O caso número 10 corresponde a um indivíduo do sexo masculino com 50 anos de idade, com homozigotia para a mutação H63D no gene HFE, e com um nível altíssimo de 9567 µg/L de ferritina sérica. Aqui foram identificadas 6 alterações diferentes, 5 no gene BMP-6 e uma no TfR2.

No BMP-6 foram encontradas as seguintes alterações: c.1281+24 T→C, c.1281-197 T→C, c.1029 C→T, c.1104 G→C e c.1542+4 G→A. Todas as alterações se encontraram no estado de heterozigotia, tendo as 4 primeiras já sido discutidas nos casos acima descritos. A alteração c.1542+4 G→A não se encontra descrita no PubMed. A análise de splicing (Tabela IV.25) revela que não existe alteração no local aceitador de splicing, por outro lado há um aumento do valor do score do local de branch point de 52,64 para 82,27, para além disso verifica-se o desaparecimento de um motivo enhancer concomitante com o aparecimento de outro com um score semelhante. O branch point corresponde a um loop que ocorre durante o processo de splicing. Após o aparecimento dessa estrutura, ocorrem reacções que levam à libertação do intrão e à fusão dos exões adjacentes. Por fim, o intrão é separado do complexo pelo spliceossoma, sendo posteriormente degradado (Corvelo et al., 2010).

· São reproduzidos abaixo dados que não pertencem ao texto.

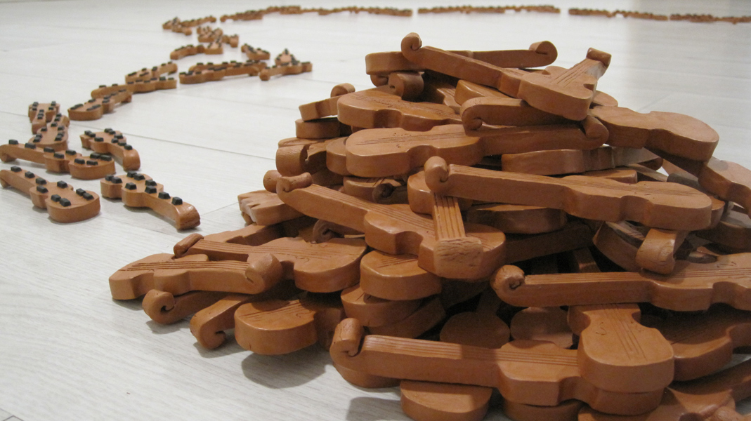 Los dos grupos de ceramistas representados en esta muestra son el colectivo de Ceramistas Contemporáneos Vascos EKG Euskal Keramikagile Garaikideak, y el colectivo Kuatro+2. Esta muestra, que reúne 14 propuestas escultóricas se ha bautizado con el título de “Ceramic Suite” porque es “una forma sofisticada de mezclar distintas tonalidades, contrastando materiales temáticos-cerámicos presentándolos al inicio de la exposición y reexponiéndolos a su final”, en las palabras de Inés González de Zarate para la presentación de la exposición.
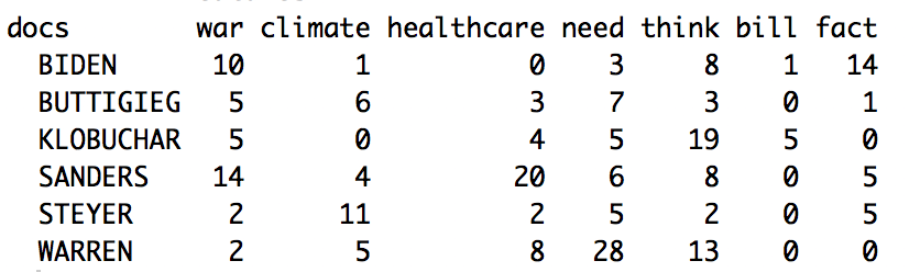 Some interesting words from the #DemocraticDebate. Notable: Steyer's focus on climate, Sanders's focus on health care (this counts "healthcare" and "health care" together), and Klobuchar's emphasis on her legislative record. Also: the women "think" more.pic.twitter.com/P04TssJSEB
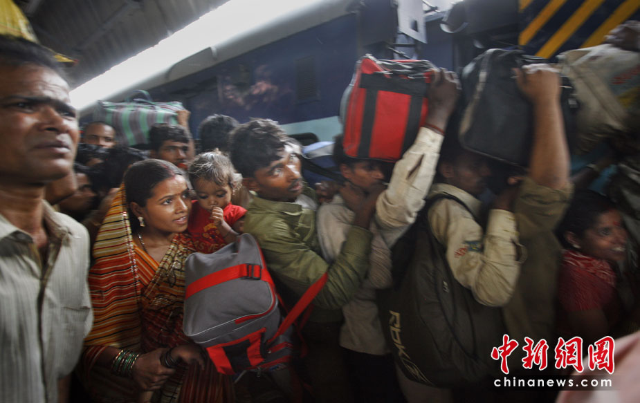 16日,印度新德里的一個火車站發生踩踏事故,造成2死9傷。一班列車提早進站且?吭诹硪坏貐^,擴音器一宣布消息,立刻有數百人蜂涌至列車?康脑屡_,一名婦人與一名小孩因此被踩死。 圖片來源:中國新聞網
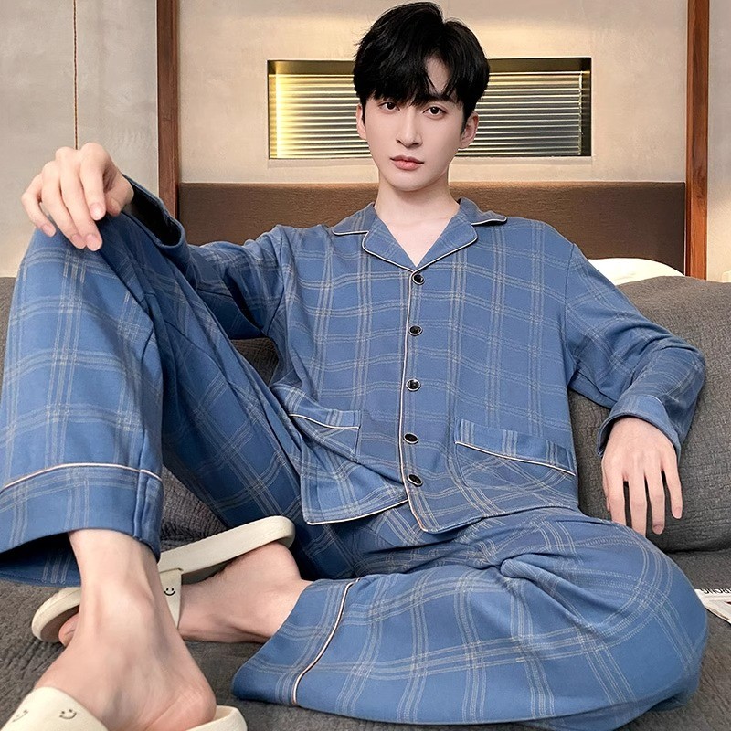 睡衣男士春秋款长袖2025年新款开衫薄款格子大码可外穿家居服套装
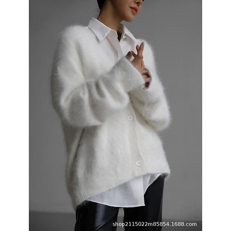 Women's Cardigan Elegant Cute Casual Solid Color V Neck Buttons Long Sleeve Regular Tops Knit Daily Date Weekend White Pink Fall
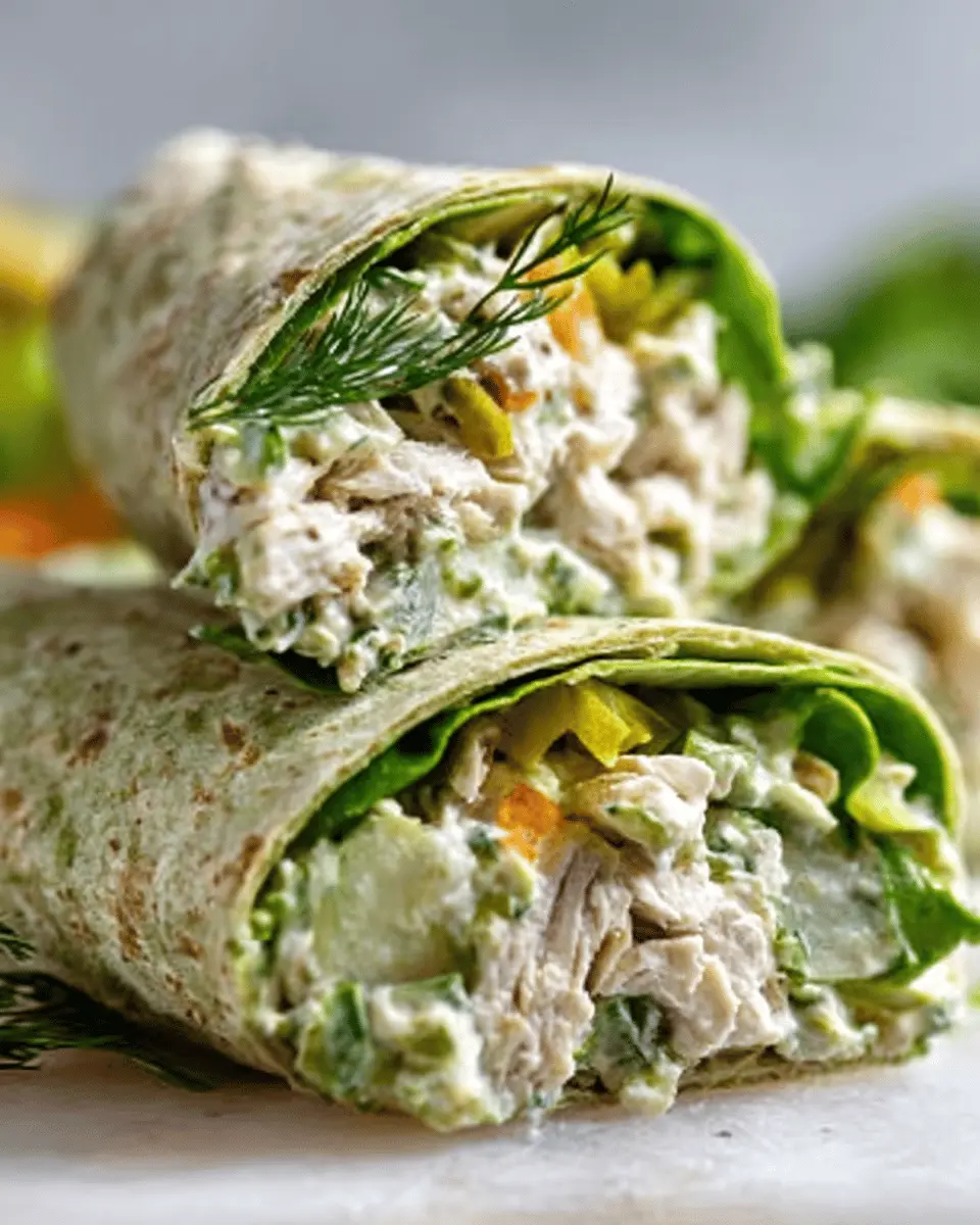 Dill Pickle Chicken Salad Wraps – Cool, Tangy, and Ready in 10 Minutes
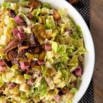 All the flavors of a classic deli Reuben in a lighter bowl! This Reuben Chop Salad is loaded with corned beef, Swiss cheese, tangy sauerkraut, sweet pickles, homemade rye croutons, and creamy Thousand Island dressing. Perfect for St. Patrick’s Day and beyond!
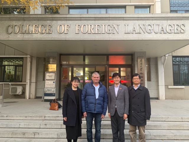 11月7日,Christopher Länzlinger教授与法语系教师吕颖、付书辉、种艺泽、王彩霞和外教Edwige就法语语法教学进行了深入交流,以语言学视角给出了专业的建议,对法语系日后的语法教学具有指导意义。
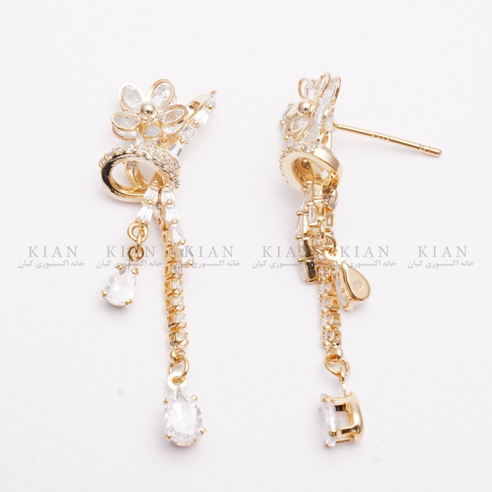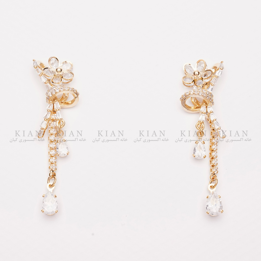 گوشواره آویز گل طلایی
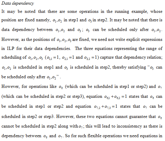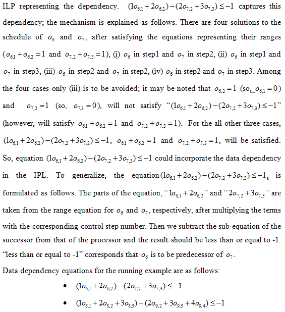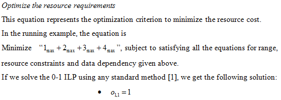 It may be noted that this solution corresponds to the schedule shown in Figure 3 (and Figure 7); it can also be determined that this schedule is most optimal in terms of resource requirements if time step constraint is 4.
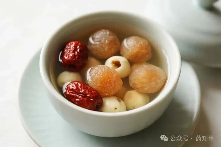 食疗方:桂圆红枣莲子汤。 桂圆肉15克、红枣10枚、莲子30克一同煲汤,可加适量红糖。这款甜汤暖身又暖心,专门对付面色无华和失眠。

Relativamente à mutação encontrada em heterozigotia no gene TfR2, c.1851 C→T (A617A), já se encontra descrita no PubMed com uma MAF de 15,4% para o alelo T e sendo um polimorfismo descrito como não tendo importância clinica relevante (Lee et al., 2001; Santos et al., 2011). A análise de splicing (Tabela IV.26) revelou que não existem alterações que justifiquem a existência de mecanismos de splicing alternativo.

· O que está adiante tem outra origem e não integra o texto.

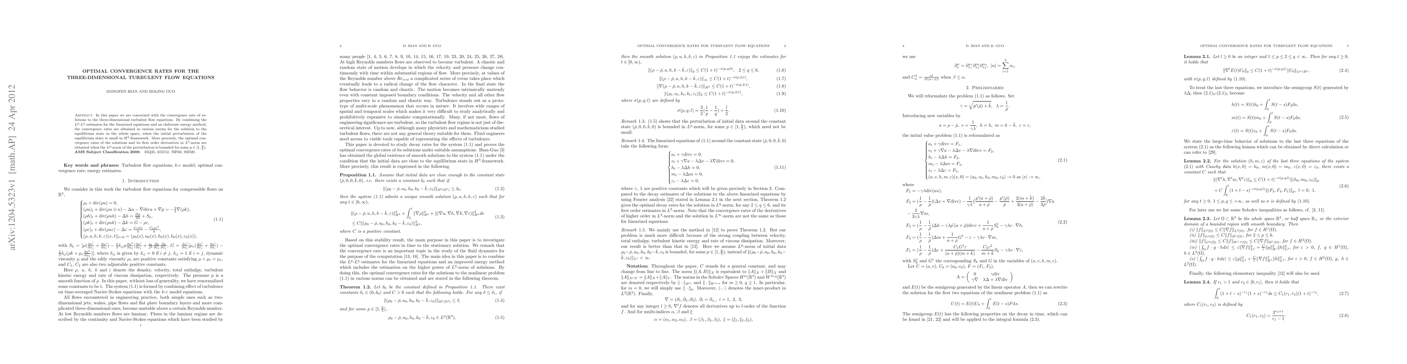 Research paper on the convergence rates of solutions to three-dimensional turbulent flow equations, finding optimal convergence rates in $L^2$-norm for small perturbations when $L^p$-norm is bounded for $p ein[1, 6/5)$.
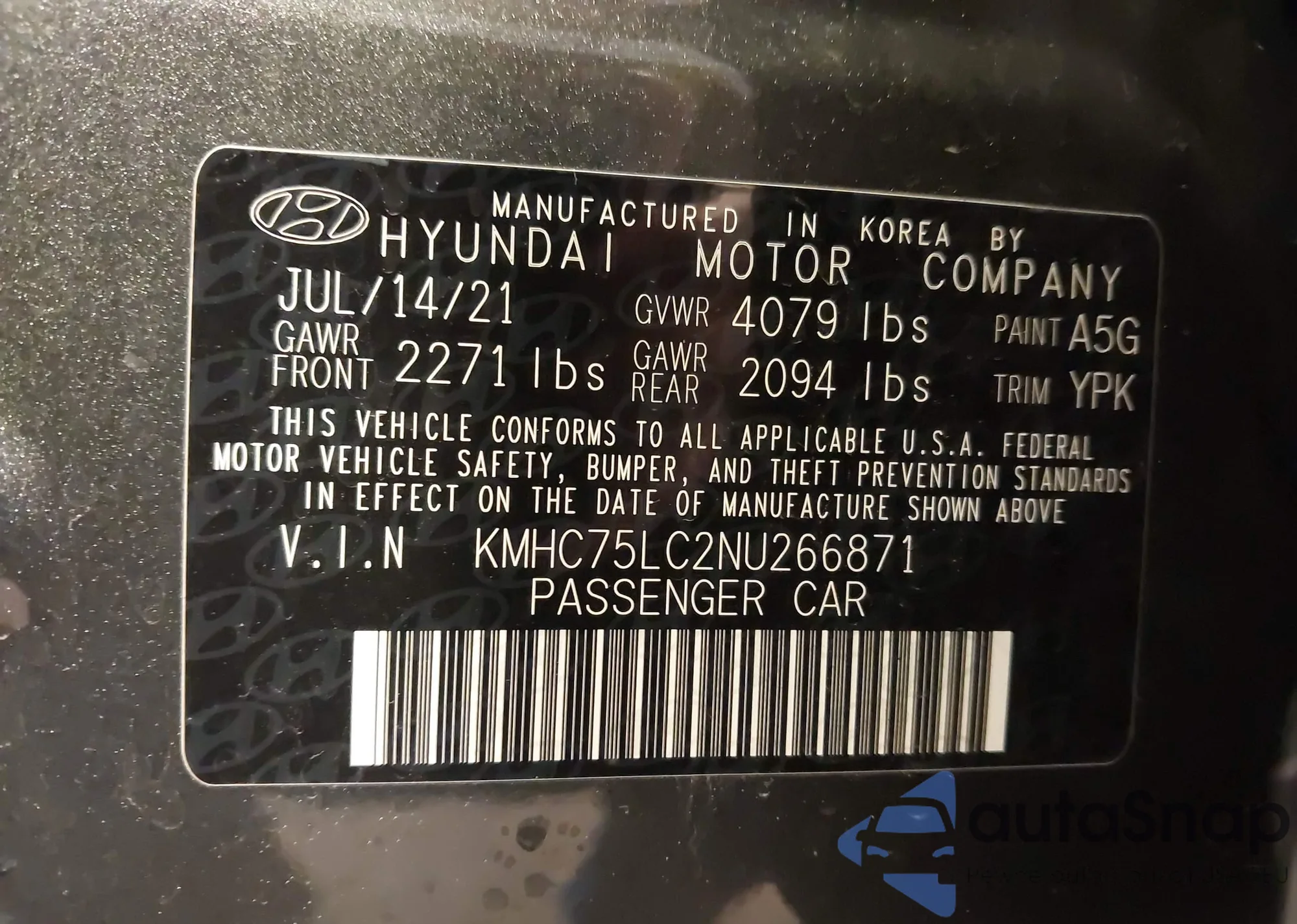 LOT: 43659032 VIN: KMHC75LC2NU266871
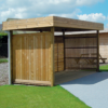 Empilement de bois en bois nordique traité facile à construire. Cet abris assure une protection contre la pluie et une ventilation.
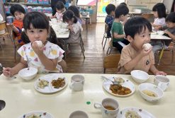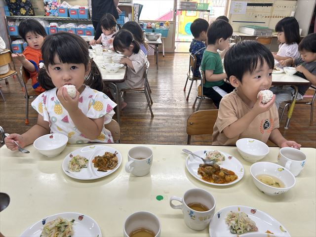9月の食育はお米についてのお話しでした。給食では、いつものお茶碗に一人一つおにぎりが!!子どもたち嬉しそうに手に持って食べていましたよ。大切に食べようとしていたので、子ども達なりに、お米の大切さを感じでくれたように思いました。
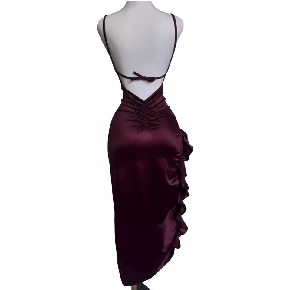 Vestidos de noite justos em cetim brilhante com fenda profunda, babados e decote franzido. A escolha ideal para bailes, galas e festas. Descrição completa
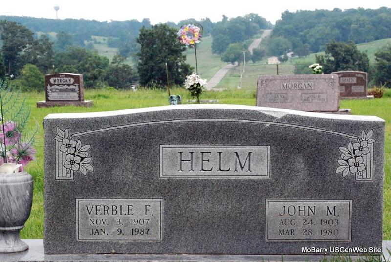 | HELM, John M. | Aug. 24, 1903 | Mar. 28, 1980 | SSW: Verble F. - Research Note: Son of Merideth Helm and his second wife Lillian Belle Duncan. He first married at age 23 to Jean Orr, age 20, on June 24, 1927 in Jackson Co., MO. He second married Verble Watson in 1941. | MO Marriage Records Census Phyllis Long Photo Cindy Marcell |
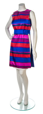 A B. H. Wraggage Blue, Pink and Orange Stripe Satin Tabard Ensemble,

Apesar de, neste indivíduo, terem sido encontradas várias alterações aliadas à homozigotia para a H63D no gene HFE, o quadro de sobrecarga em ferro neste indivíduo é extremamente grave e o genótipo observado não o justifica.

V.2.5-Caso 11

O caso número 11 corresponde a um indivíduo do sexo masculino, cuja informação relativa à idade nos é desconhecida. É sabido que apresenta heterozigotia para a mutação H63D no gene HFE. Neste caso encontrou-se apenas uma alteração no gene BMP-6, a c.1281+24 T→C em heterozigotia, anteriormente descrita para o indivíduo número 1. Os valores de ferritina observados neste caso são de 4000 µg/L, um fenótipo característico de excesso de ferro, mas que é pouco provável que seja justificado pela presença da mutação anteriormente referida juntamente com a H63D em heterozigotia no gene HFE.